July 19, 2016 | 7 Minute Read |

Code review has become one of the most important (and used) techniques when it comes to code quality. The code review process may have very different workflows and subtleties, but it is often driven around the following steps:

  • The developer responsible by the code (a new feature, a bug fix, a refactor, etc) sends his changes to other colleagues (in git it is called a patch, that can be transformed into a pull request, merge request, or any other name your Git repository hosting service calls it).
  • His colleagues will read his changes. As they read the code, they will approve the changes, or comment on some point in which they disagree or don’t totally understand.
  • If there is any question, the author will clarify. If there’s any controversial change for any reviewer a bigger discussion may take place, until all the involved developers agree with the changes.
  • When no more unsolved issues are present, the changes will be included in the main code.

Code Review

This process allows to detect most bugs before they go into productionBut most of those changes can be automated. Unfortunately, a big part of the review comments have to do with code style and bad practices. But most of those reviews can be automated, or at least the problems can be automatically detected.
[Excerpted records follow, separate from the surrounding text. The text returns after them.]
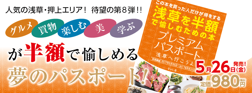 シリーズ第8号となる「浅草へ行こうよ Vol.8」は、人力車遊覧体験やとんぼ玉製作体験など浅草ならではのプレミアム体験の初掲載を実現しました!さらにスペシャルページでは最上級神戸牛の盛合せやこれからの季節にぴったりの本染め手ぬぐいなど、様々なジャンルが充実しており、夏の思い出作りにも一役買えます。本書片手にランチ・体験・食べ歩き・ディナーなど一日まるごと半額でお楽しみいただけるこのお得感はまさにプレミアムです。
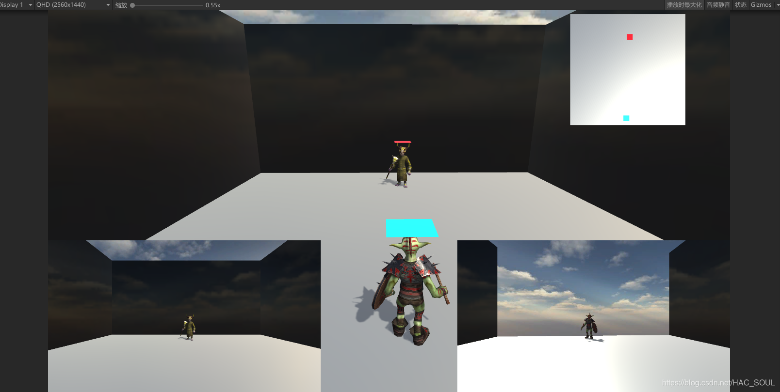 左下角是玩家视角,右下角是敌人视角,底层是第三人称视角,右上角是2D的地图。
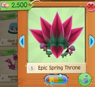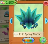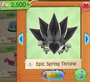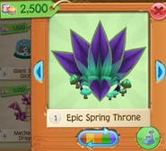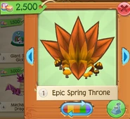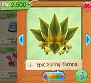 The Epic Spring Throne is a den item. It was originally released in June 2016 at Epic Wonders for 2,500 Gems.
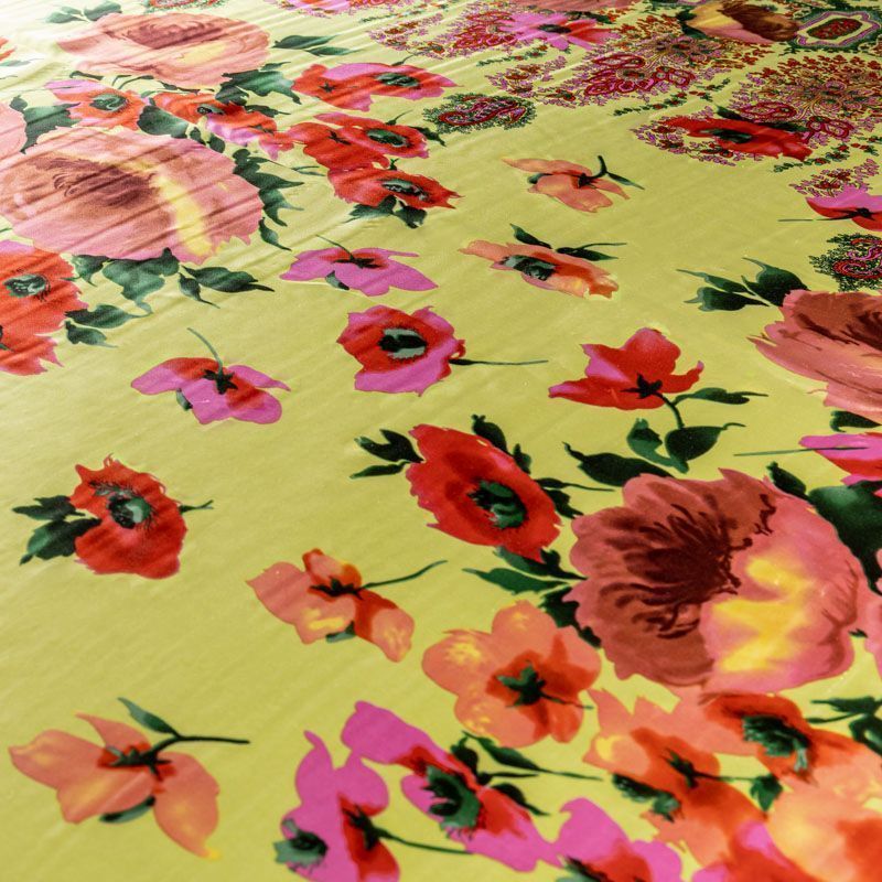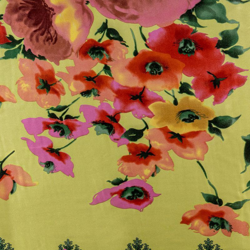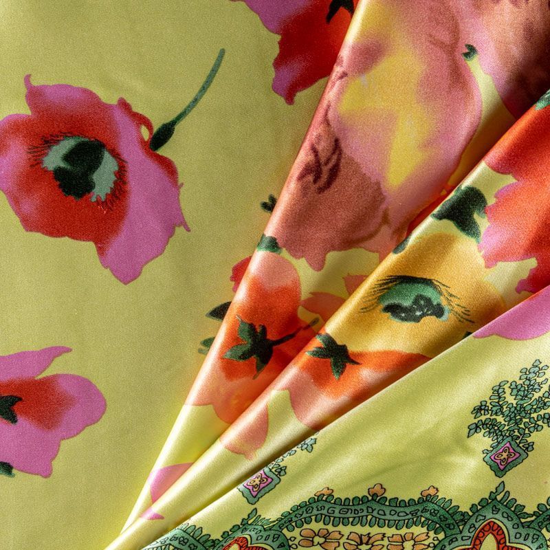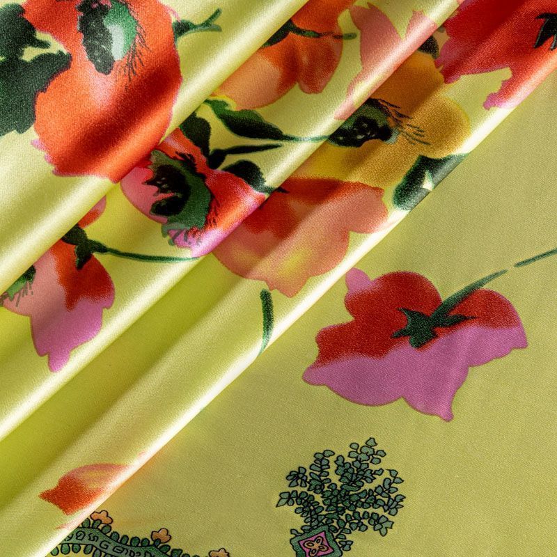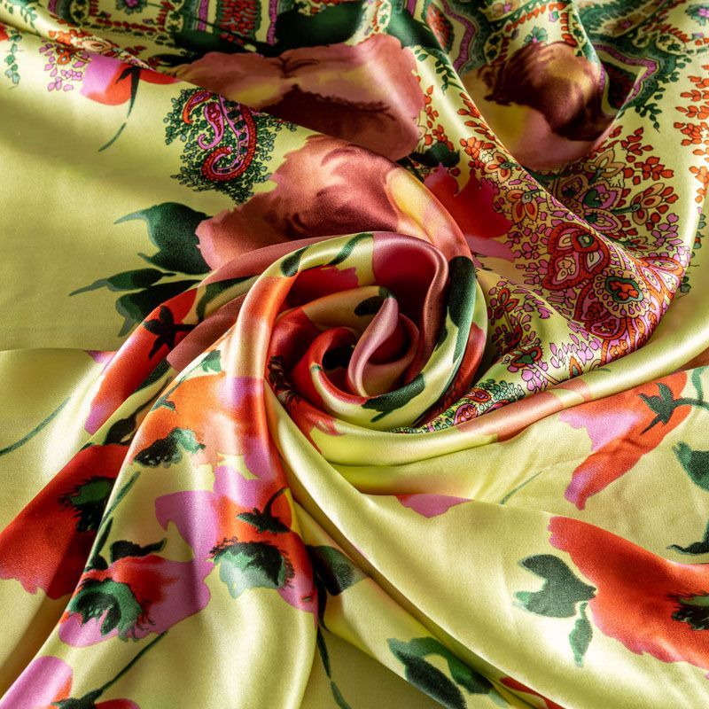 Итальянский натуральный шелк с атласной поверхностью, легкий, струящийся, хорошо драпируется. Яркий цветочный принт на салатовом фоне дополнен по кромке полосой с орнаментом. Ткань набирается объемом. Прекрасно подойдет для пошива летнего сарафана, платья, блузки, костюма в пижамном стиле, широких брюк или юбки.

In order to reduce the time spent on the review process, several different solutions are available:

  • A formal code style. Document and/or provide format settings for the most used IDEs (which can be hard due to the wide range of available text editors/IDEs).
  • Linters (static analysis tools). Language dependent, every major programming language has some static analysis tool/linter available. There are hundreds. Furthermore, many online platforms are emerging which provide several static analysis tools making it easy to configure some rules across all your projects. One of them is Codacy.
  • Use the compiler flags itself. This technique is only valid for compiled languages, but compilers often include flags to check some code standards. gcc for instance provides the infamous -pedantic and -Wall among many others.

Code compiling

How can the Scala compiler help me?

Just like gcc, the scala compiler has its own set of flags for detecting some undesired code patterns. Unfortunately, the list of available flags is a bit scattered, but you can find them by typing scalac -help, scalac -X, scalac -Xlint:help and scalac -Y (note that each command provides information about a different set of flags).
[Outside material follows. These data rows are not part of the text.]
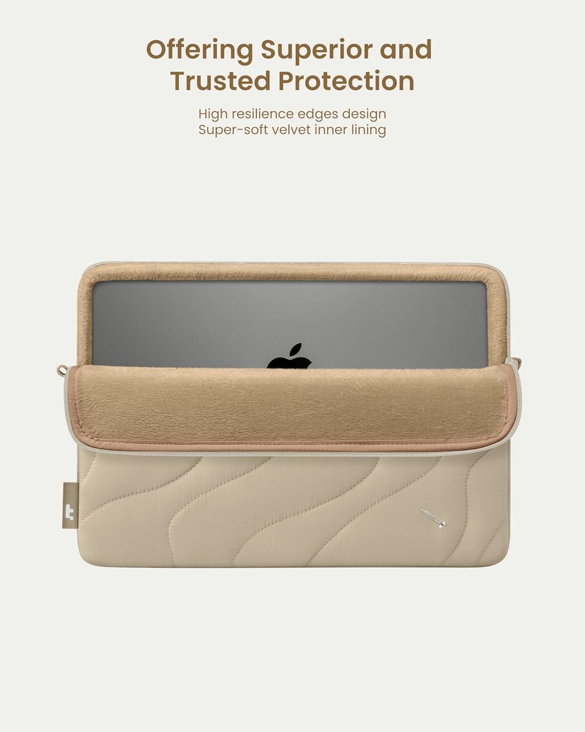 tomtoc 360 Protective Puffy Laptop Sleeve for 16-inch MacBook Pro M4/M3/M2/M1 Pro/Max A3403 A3186 A2991 A2780 A2485 2024-2019, Quilted Design Soft Cute Puffer Bag Computer Case for Dell XPS 16 Laptop(Dune Shade)
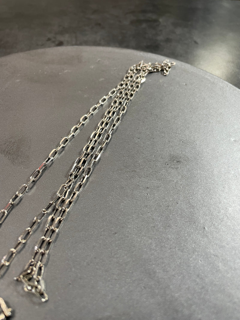 全長約75cmの隙間のある構造のチェーンは、存在感を有しながら着用感はあくまでもライト、日常的な使用を想定したデザインとなっている。
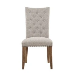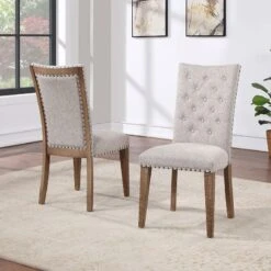 Button-tufted canvas dining chair with oil-rubbed dark bronze nailhead trim and wood-rimmed back is as gorgeous at or away from the table - DepartmentDining Room Sets
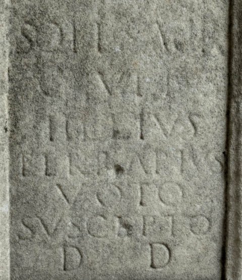 - Soli s̲a̲c̲r̲(um) / C(aius) Iuliu̲s̲ / Helius / ferrarius / voto / suscepto / d(onum) d(edit)
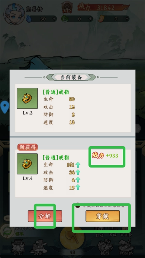 3、获取更高级别的装备,用其替换现有装备,并将低级装备进行分解。
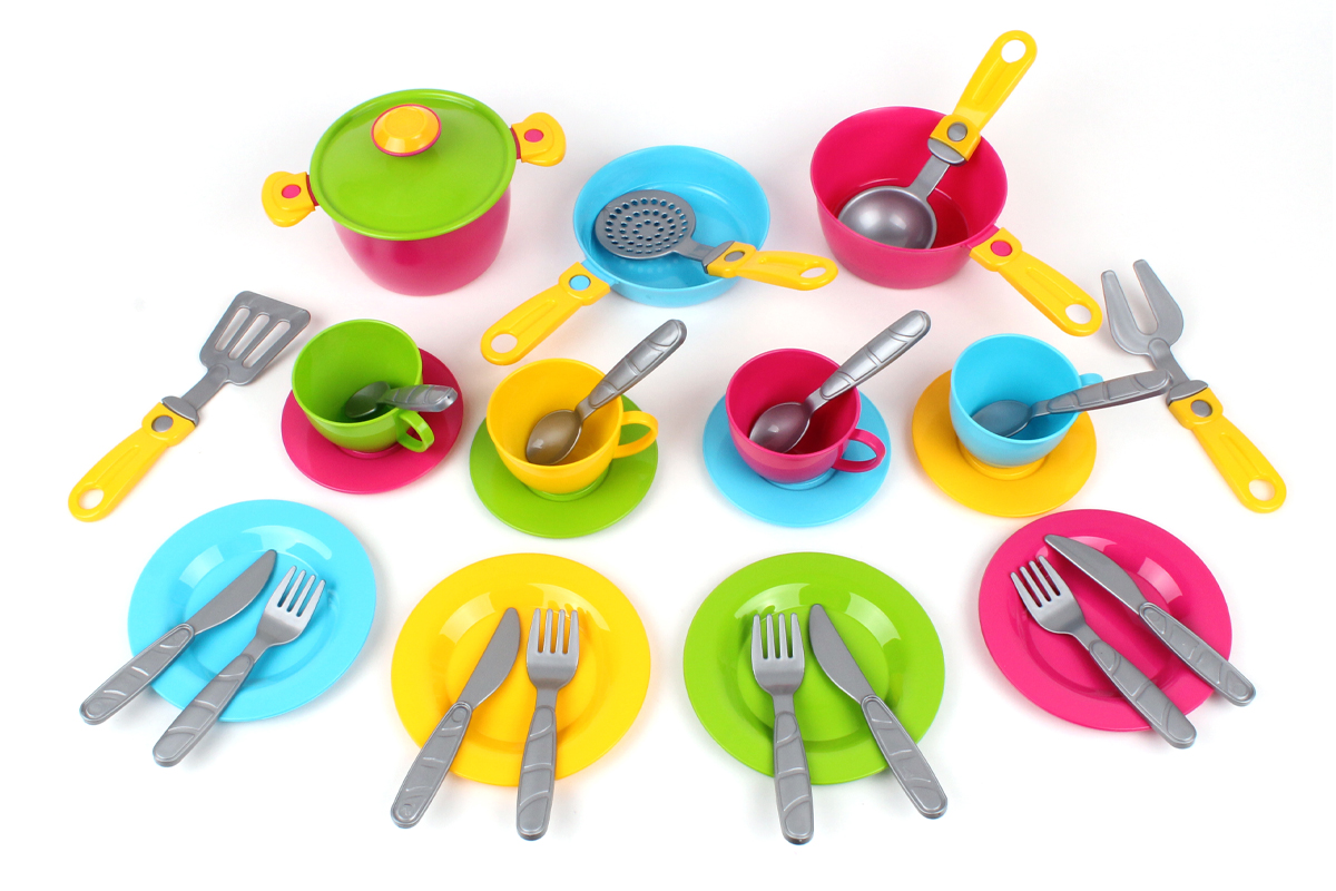 Яскраві кольори сподобаються малюкам, а різноманіття посуду викличе справжнє захоплення.У наборі є все, щоб маленька господинька реалізувала свої кулінарні задуми. Каструлька та сотейник для смачних борщів та корисних овочів, сковорідка для смаження. Шумівка, черпак, велика виделка та лопатка зроблять процес приготування максимально реалістичним. Також малеча зможе запросити друзів на чаювання з різнобарвними горнятками на блюдечках.Після смачного обіду – треба помити посуд. А як цікаво розкласти помитий посуд на сушці – це ж так само як робить матуся).Сюжетно-рольові ігри допоможуть Вашим діткам проявити гостинність, привчать дотримуватись порядку та бути акуратними.
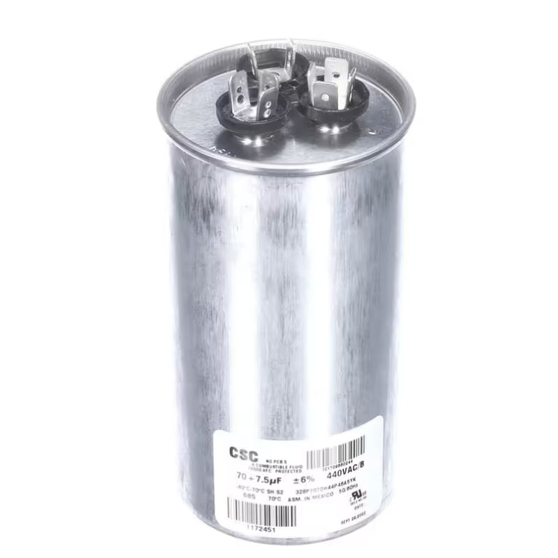 York 328P707DH44P46A5YK Capacitor Run Dual 440V 70+7.5MFD Round This sale transaction is for one York 328P707DH44P46A5YK Capacitor Run Dual 440V 70+7.5MFD Round, included exactly what is pictured. TERMS OF SALE:...
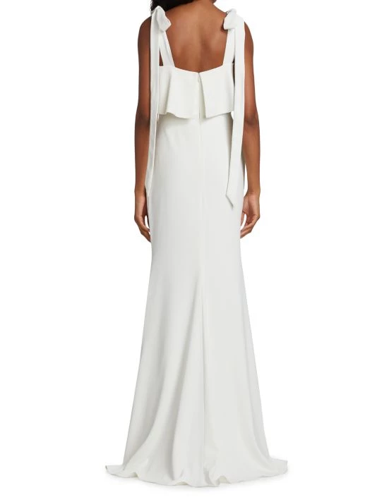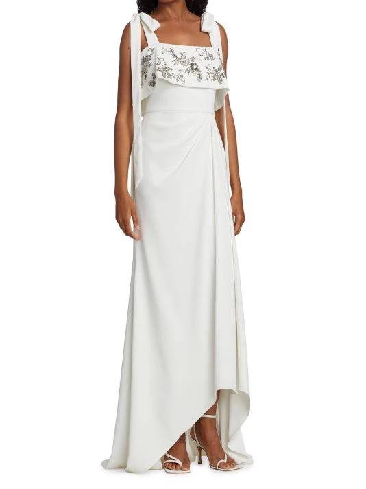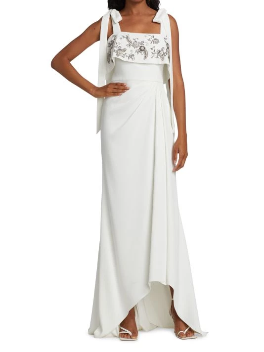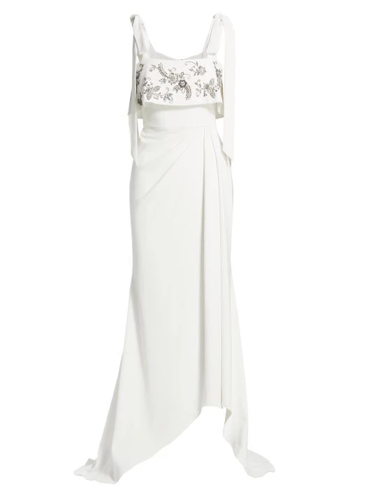 Beading and sequins embellish this crepe tie-strap gown.

To better understand the difference between all of those different options, check this SO answer.

By typing scalac -X you will get several interesting flags. My favourite is -Xfatal-warnings, which will make the compilation fail if any warning is found. It is particularly useful to demand that you fix the issues. Otherwise it will be a question of time until your code base is full of warnings that someone decided that could be postponed.

Which flags should I use?

Well, it really depends on you, but here’s my set of flags:

-deprecation

Emit warning and location for usages of deprecated APIs.

Because deprecated methods have a (good) reason to be deprecated, we should avoid using them

$ cat Example.scala
object Example {

  @deprecated("not safe, use m2 instead", "v.0.1.0") def m1(x: Int) = x + 1

  def test = m1(3)
}

$ scalac -deprecation Example.scala
Example.scala:5: warning: method m1 in object Example is deprecated: not safe, use m2 instead
  def test = m1(3)
             ^
one warning found

-Xfatal-warnings

Fail the compilation if there are any warnings.
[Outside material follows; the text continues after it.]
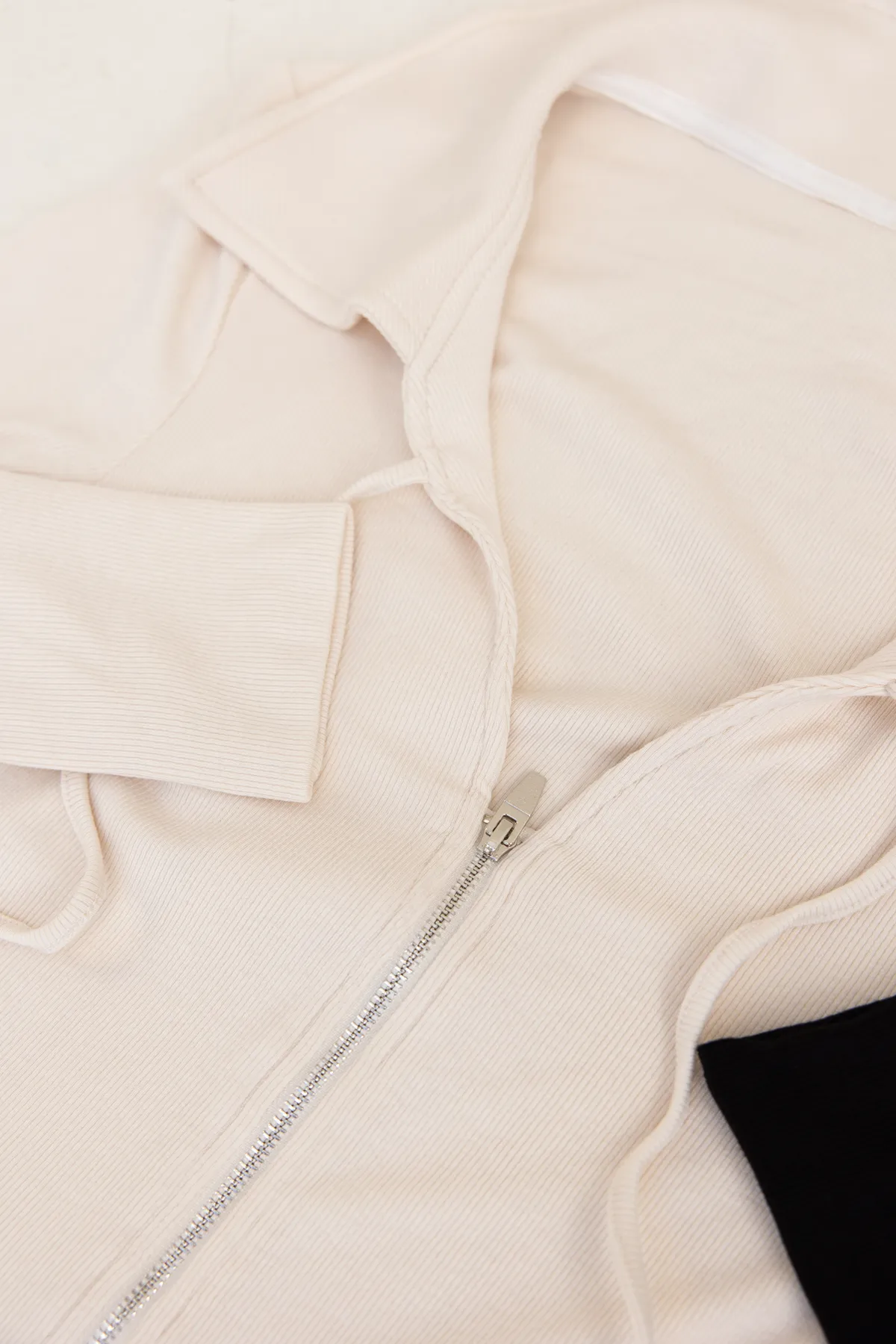 🔸黑/米白🔸S/M/L#腰部修身#連袖指扣✨超彈強力布料#顯瘦腰身✔ 跑步健身運動適穿✔ 夏季戶外防曬,冬季室內防寒✔ 翻領設計修飾頸部線條✔ 超彈強力布料,可自由自在的伸展,無拘無束✔ 柔軟親膚透氣面料˙95%COTTON 5%ELASTANE.

-Xlint:missing-interpolator

A string literal appears to be missing an interpolator id.

$ cat Example.scala
object Example {

  def transformation(str: String) = "This_is_my_str_transformed_ $str _END"

}

$ scalac -Xlint:missing-interpolator Example.scala
Example.scala:3: warning: possible missing interpolator: detected interpolated identifier `$str`
  def transformation(str: String) = "This_is_my_str_transformed_ $str _END"
                                    ^
one warning found

-Ywarn-unused-import

Warn when imports are unused

Unused imports increase the change of merging conflicts on CVS. Even worst, you may be importing some implicit into scope, that is not currently being used, but may start to be used when you add some code, without you even noticing.

-Ywarn-unused

Warn when local and private vals, vars, defs, and types are unused.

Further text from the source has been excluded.